"Progress is impossible without change, and those who cannot change their minds cannot change anything." - George Bernard Shaw
Of the 45% of us who make a resolution, 8% will fully accomplish said resolution, while 49% will experience some form of success. According to the University of Toronto Psychology professor, Peter Herman, less than 10% of us achieve full success on resolutions because we’re not ready to change. His research into New Year’s resolutions finds that people make their resolutions overly ambitious, unrealistic and out of context with their existing life.
As you’re evaluating your readiness to change, also consider reading this Forbes article, which discusses psychology researchers work on the Transtheoretical Model of Change, which charts 5 essential stages one goes through when reshaping behavior.
- Precontemplation – In this stage, you don’t even see a need to change. Folks setting resolutions are past this stage already.
- Contemplation – Now you’re thinking about changing, but are not sure you can commit or do it. This is THE stage for setting soon-to-be-failing New Year’s resolutions.
- Preparation – Basically, this is the time you plan how the change happens. Lists, schedules, smaller goals, accountability build ins, etc.. . . but you’re not done yet.
- Action - Oh, sounds easy when it’s just a “stage.” But DOING the work, tapping into the daily discipline to enact the plan, is, you guessed it, an essential part of success.

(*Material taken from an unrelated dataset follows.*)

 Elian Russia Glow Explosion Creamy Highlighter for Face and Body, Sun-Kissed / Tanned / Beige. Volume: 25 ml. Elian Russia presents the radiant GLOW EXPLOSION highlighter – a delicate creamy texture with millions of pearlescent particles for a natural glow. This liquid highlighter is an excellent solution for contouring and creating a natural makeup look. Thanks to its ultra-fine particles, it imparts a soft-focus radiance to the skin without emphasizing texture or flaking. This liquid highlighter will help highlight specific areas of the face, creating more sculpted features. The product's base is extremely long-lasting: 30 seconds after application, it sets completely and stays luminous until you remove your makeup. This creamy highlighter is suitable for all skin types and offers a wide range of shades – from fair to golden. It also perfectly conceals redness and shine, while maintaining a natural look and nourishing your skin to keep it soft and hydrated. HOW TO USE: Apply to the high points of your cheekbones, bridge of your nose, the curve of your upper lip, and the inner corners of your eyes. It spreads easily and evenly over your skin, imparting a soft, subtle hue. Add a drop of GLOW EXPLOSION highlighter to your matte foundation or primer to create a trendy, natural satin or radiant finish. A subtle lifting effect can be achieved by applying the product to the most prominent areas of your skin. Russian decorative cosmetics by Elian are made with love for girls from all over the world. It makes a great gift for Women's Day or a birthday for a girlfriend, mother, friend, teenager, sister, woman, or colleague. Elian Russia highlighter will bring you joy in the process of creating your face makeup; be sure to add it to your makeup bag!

- Maintenance – This is where it all goes to hell. A fair amount of people can muster the willpower to ACT for a week or two, but then it’s all too easy to reward yourself for success by suspending action. Maintaining actions and new habits is the only way to make resolutions stick.
Embracing these stages of change is an essential part of becoming the 8% that fully succeed. And while you're looking at tips for resolution success, consider this compilation of the key advice bandied about online.

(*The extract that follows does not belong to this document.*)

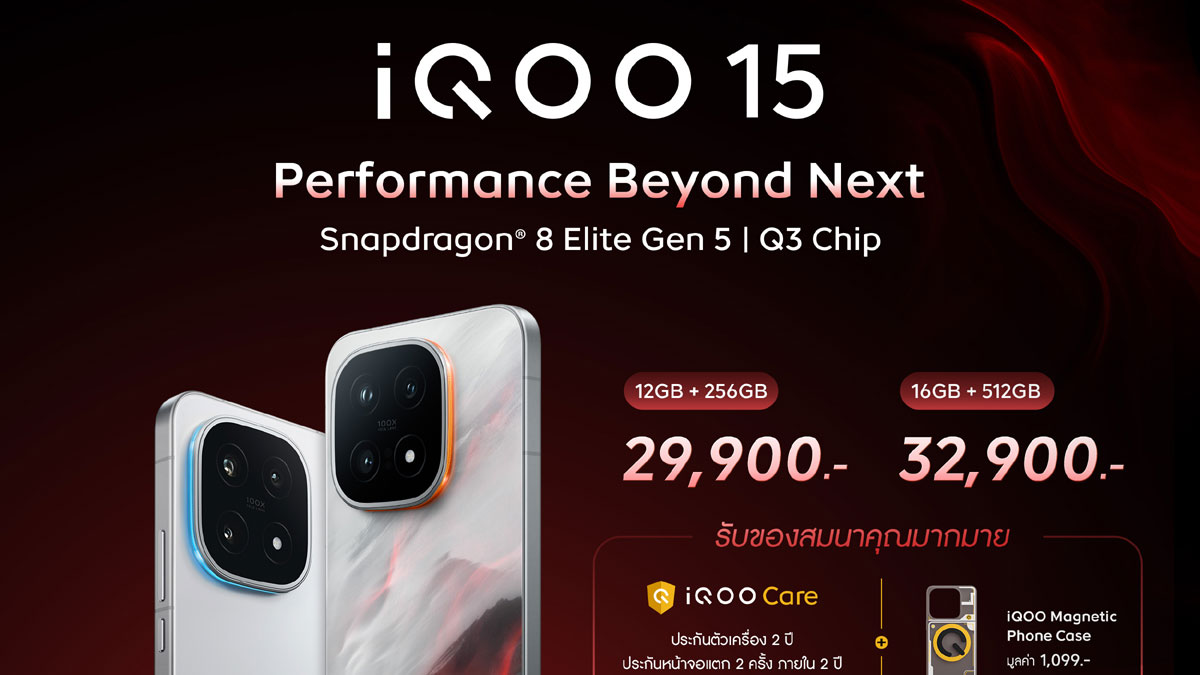 สัมผัสนิยามแห่งพลังที่สร้างมาเพื่อ MVPs บน iQOO 15 พร้อมลุยตลาดไทยในราคาเริ่มต้น 29,900 บาท

- Keep the resolution realistic and manageable.
- The goal should be a positive action (walk daily) not the absence of action (lose 10 lbs).
- Make sure you enjoy the process (action stage) of the goal.
- Consider the maintenance and plan for the long term.
- Use positive reinforcement and build in rewards for small successes.
- Don’t fall prey to the All or Nothing mindset that derails so many goals. That’s just an easy out and a sign you were not ready to change.
Good luck out there and remember, if 45% of 300 million people make a resolution and 8% of those people succeed . . . that's over 10 million people that completely rock out their resolution! You CAN be one of them.